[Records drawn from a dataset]
────────────────────────────────────────
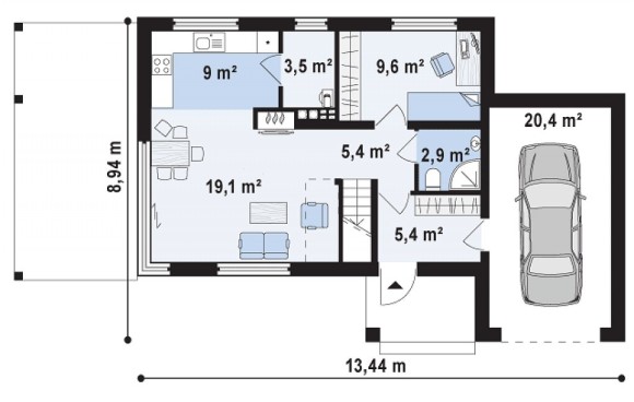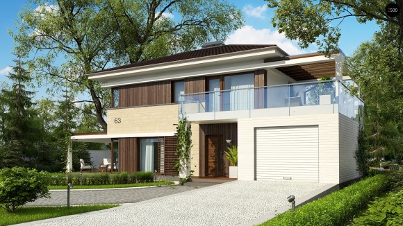 Проект двухэтажного дома с гаражом на одну машину Zx63 B
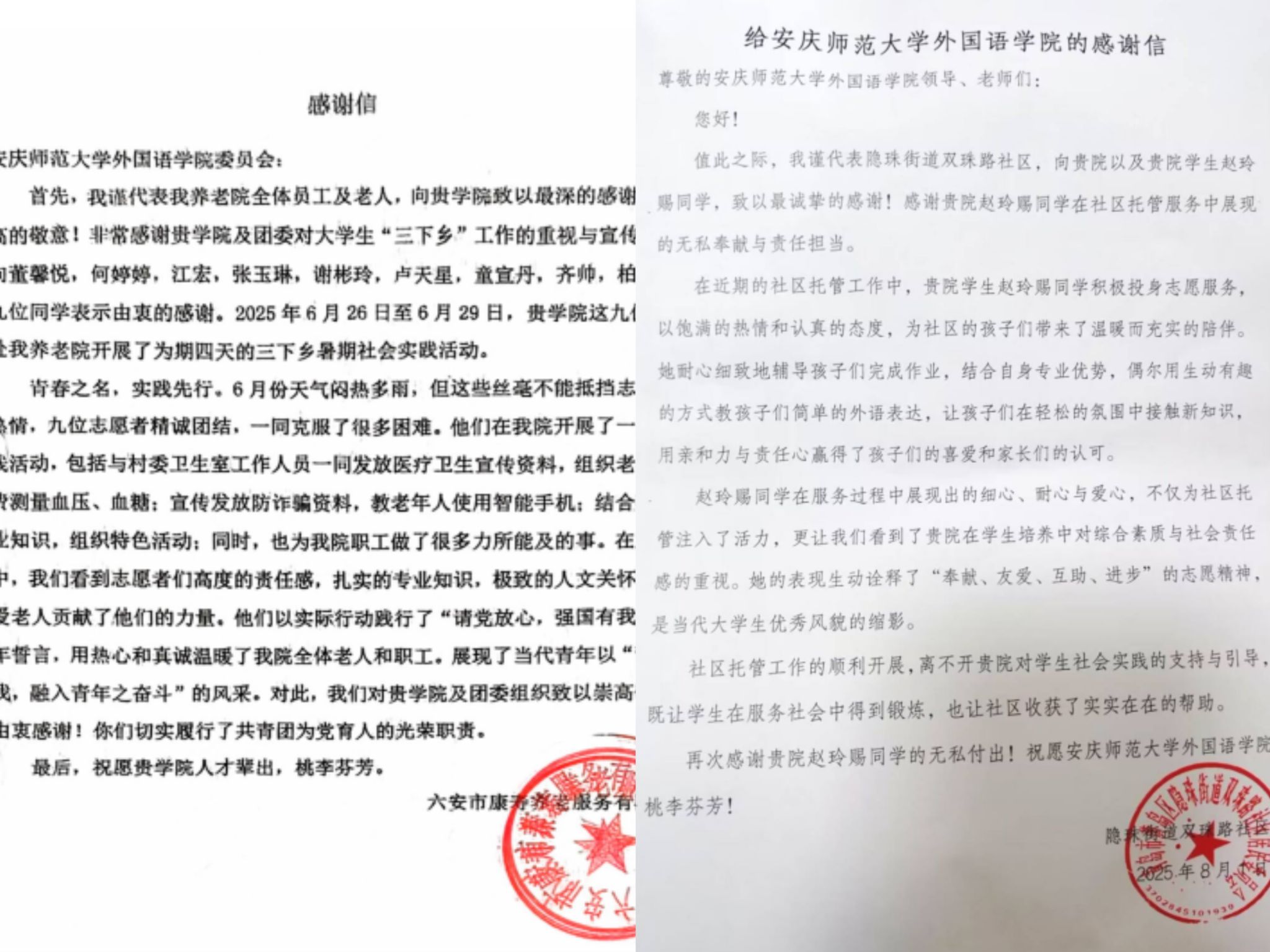 由董馨悦、何婷婷、江宏、张玉琳、谢彬玲、卢天星、童宜丹、齐帅、柏跃宇这九位同学组成的赴安徽省六安市金安区银龄关爱暑期社会实践团在当地开展了一系列实践活动,包括与村委卫生室工作人员一同发放医疗卫生宣传资料,组织老年人免费测量血压、血糖:宣传发放防诈骗资料,教老年人使用智能手机:结合英语专业知识,组织特色活动等。当地部门在表扬信中指出,“他们以实际行动践行了‘请党放心,强国有我’的青年誓言,展现了当代青年以‘青春之我,融入青年之奋斗’的风采。”
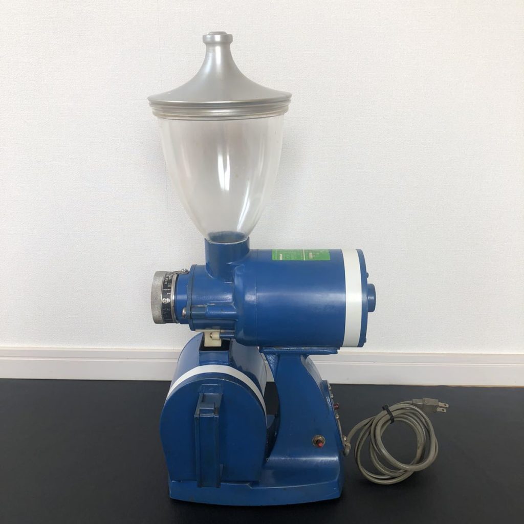 モタエカフェに置いてあるアンティークな青いコーヒーミル。これは富士珈琲機械製作所(現:フジローヤル)の「The Fuji No.80」の青カラーです。業務用ミル・フジローヤルR-440の前モデルと思われますが、古い機種なので詳しい情報は得られませんでした。みるっこよりワンランク上の価格帯で、粒度が一定かつ微粉の少ない粉挽きが可能です。
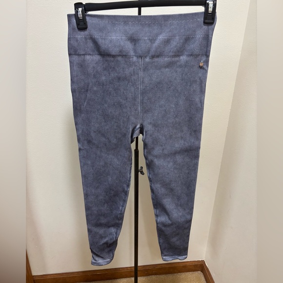 Blue almost acid-wash looking ribbed seamless leggings from Fabletics. The main tag has been cut out.
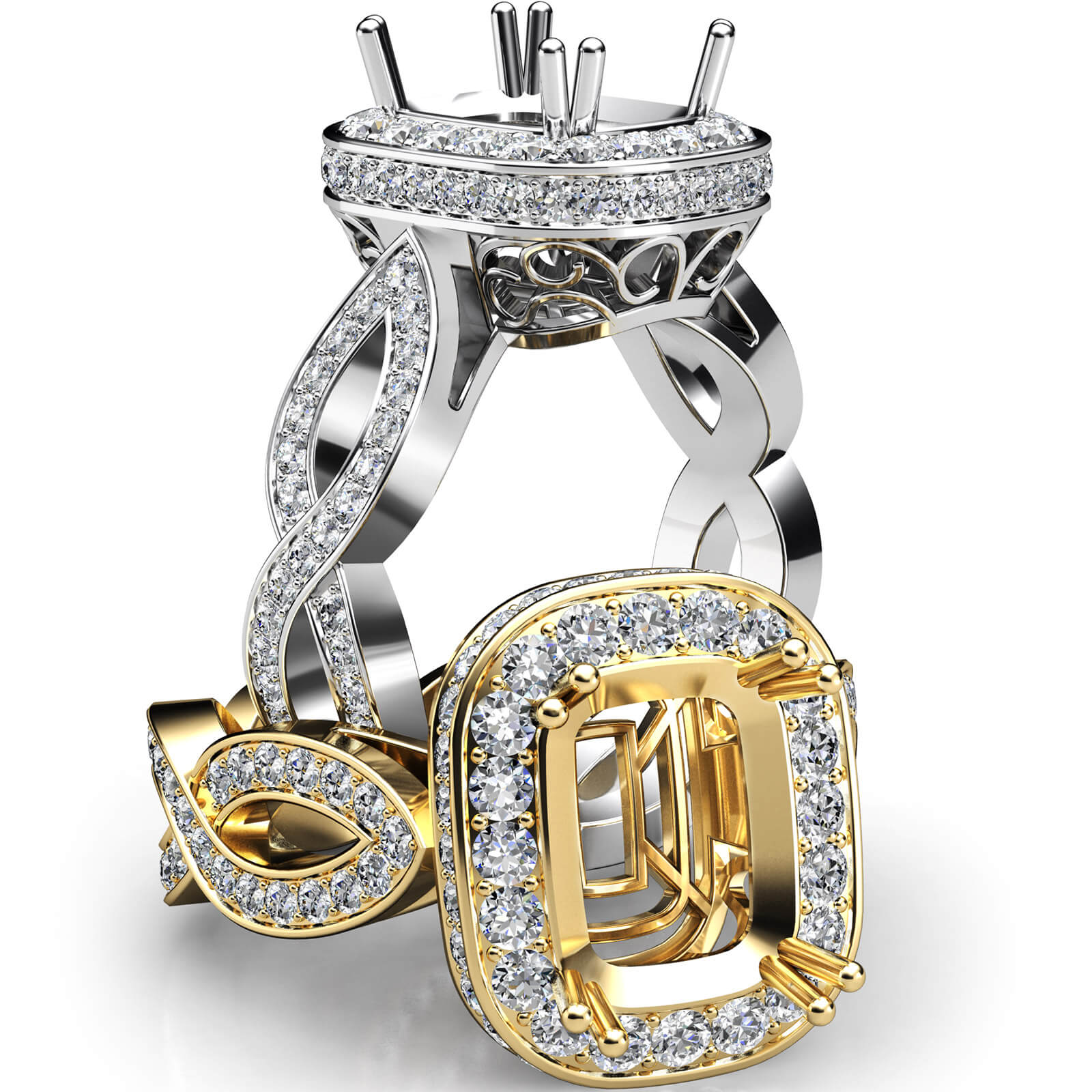 Cushion Semi Mount Diamond Engagement Ring 18k W Gold Halo Pave Set (1.3Ct. tw.)
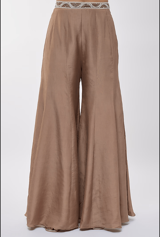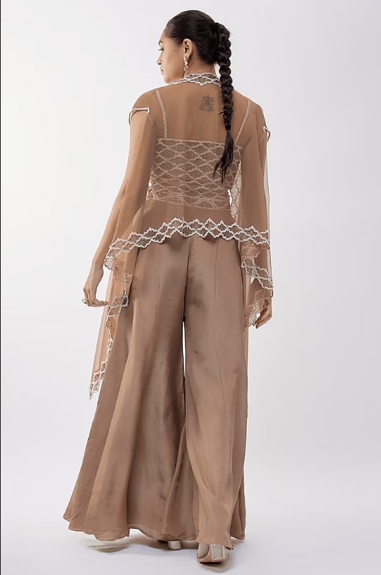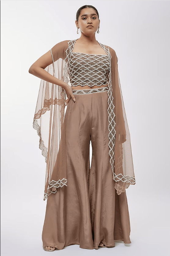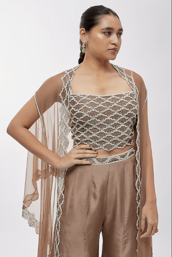 Featuring a champagne cape in net base with pearl and cutdana work. It is paired with a bustier and satin silk sharara pants. Accentuate with dangler earrings and heels for sangeet ceremonies.
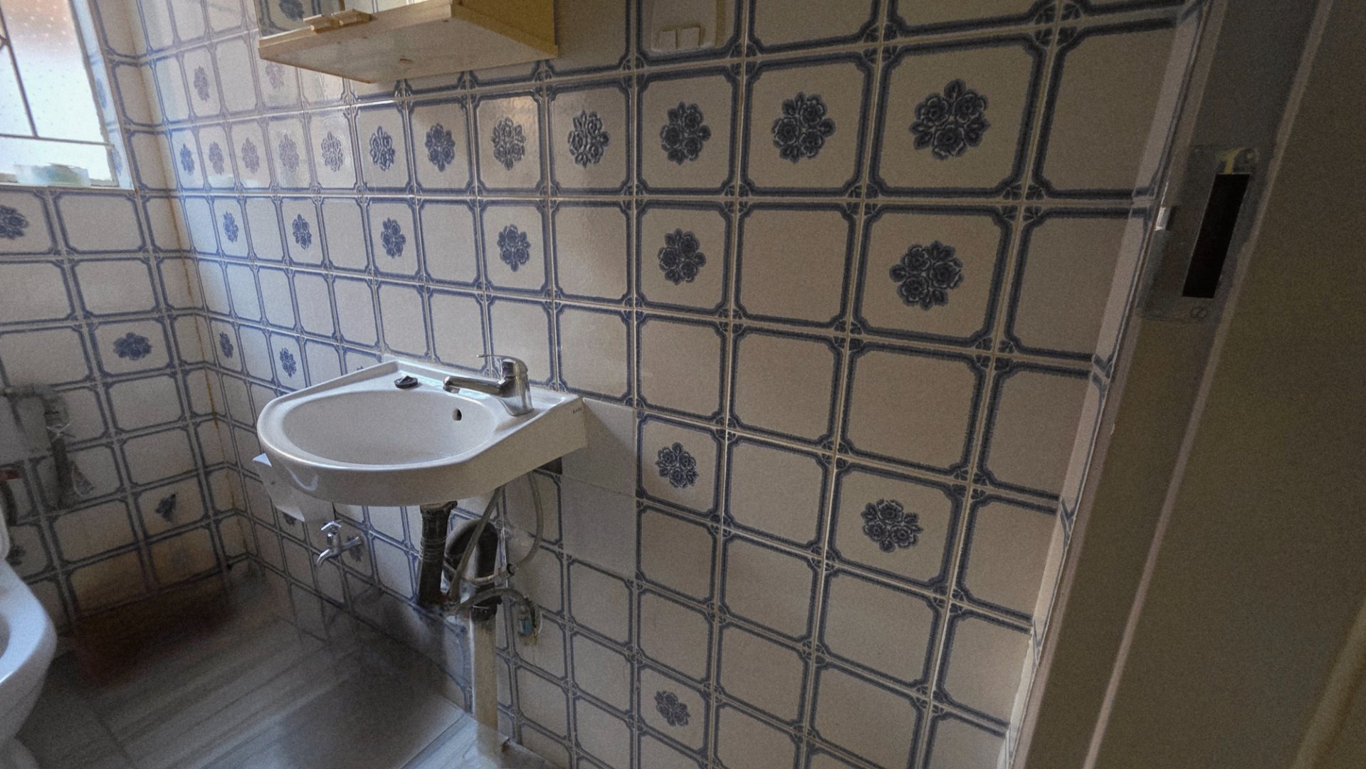 Tiled kitchen with built-in cupboards, stove & basin, with door to the backyard.
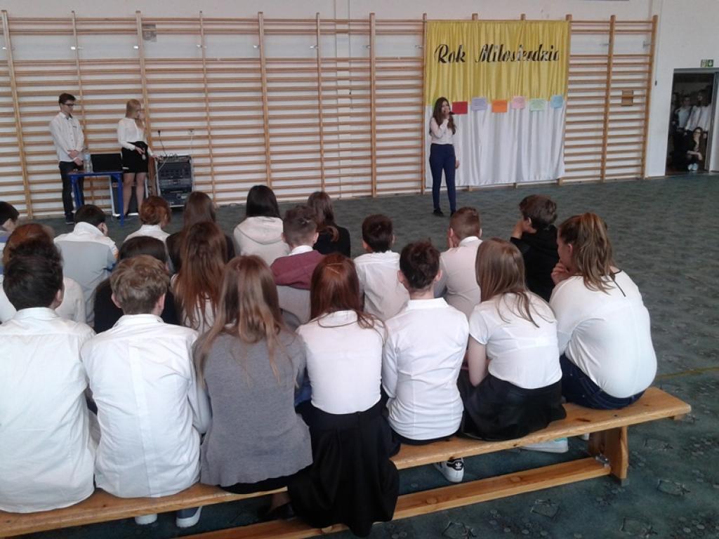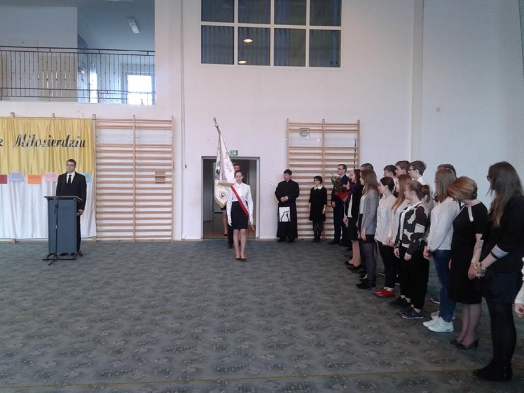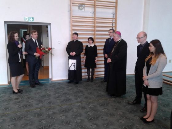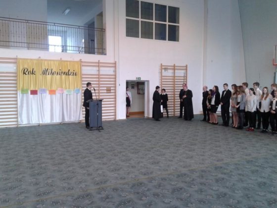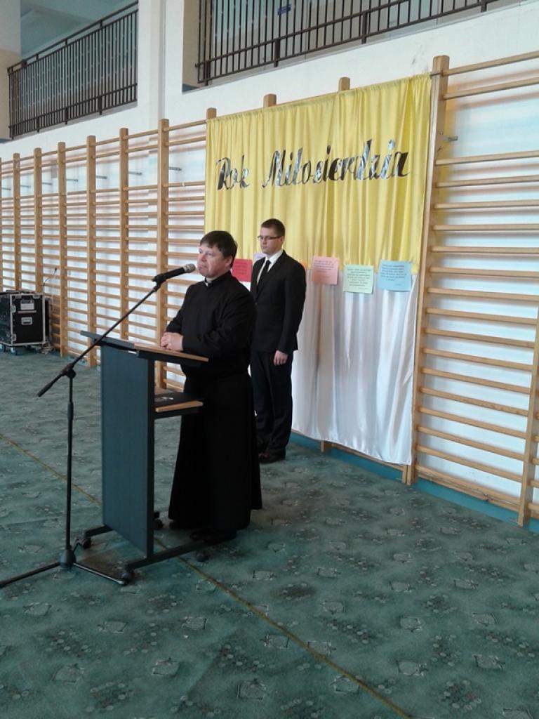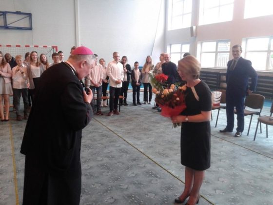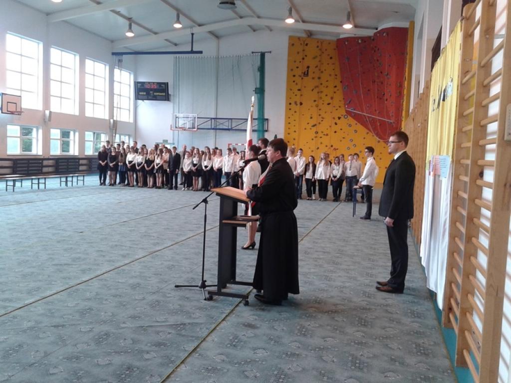 Dnia 26 kwietnia 2016r. naszą szkołę odwiedził Ksiądz Biskup Romuald Kamiński. Z tej okazji odbył się uroczysty apel, na który grupa uczniów z klasy III B z pomocą Ali Wołoszyn z III C i Ali Grodzickiej z IIA przygotowała montaż słowno-muzyczny. Poruszał on problemy współczesnego świata : pośpiech, zabieganie, brak czasu dla drugiego człowieka, obojętność na bezinteresowną pomoc, zbytnie zaabsorbowanie pracą i karierą. Na koniec Ksiądz Biskup podsumował nasze rozważania kierując do nas słowa pobudzające jeszcze głębiej do refleksji i udzielił błogosławieństwa całej społeczności szkolnej.
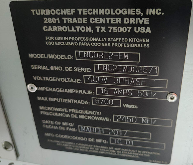 Brand: TURBOCHEF TECHNOLOGIES
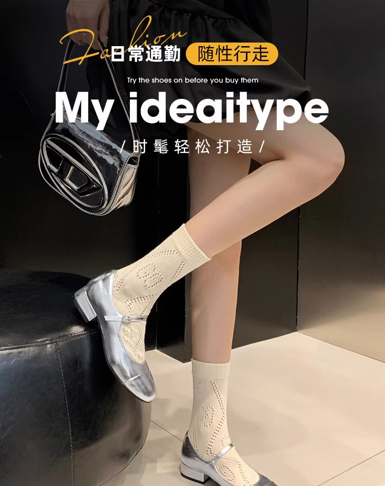 - Giày Mary Jane bạc Dadong dành cho nữ 2025, kiểu mới mùa thu, gót trung bình, gót thô, quai đơn, giày nữ miệng nông, kiểu bệt
────────────────────────────────────────
> ASSIGNMENT
Please copy the lines exactly, beginning at the one containing "Brand: TURBOCHEF TECHNOLOGIES" and ending at the last line of the records above, both included, with the pictures left out.

> ANSWER BOX
 Brand: TURBOCHEF TECHNOLOGIES
 - Giày Mary Jane bạc Dadong dành cho nữ 2025, kiểu mới mùa thu, gót trung bình, gót thô, quai đơn, giày nữ miệng nông, kiểu bệt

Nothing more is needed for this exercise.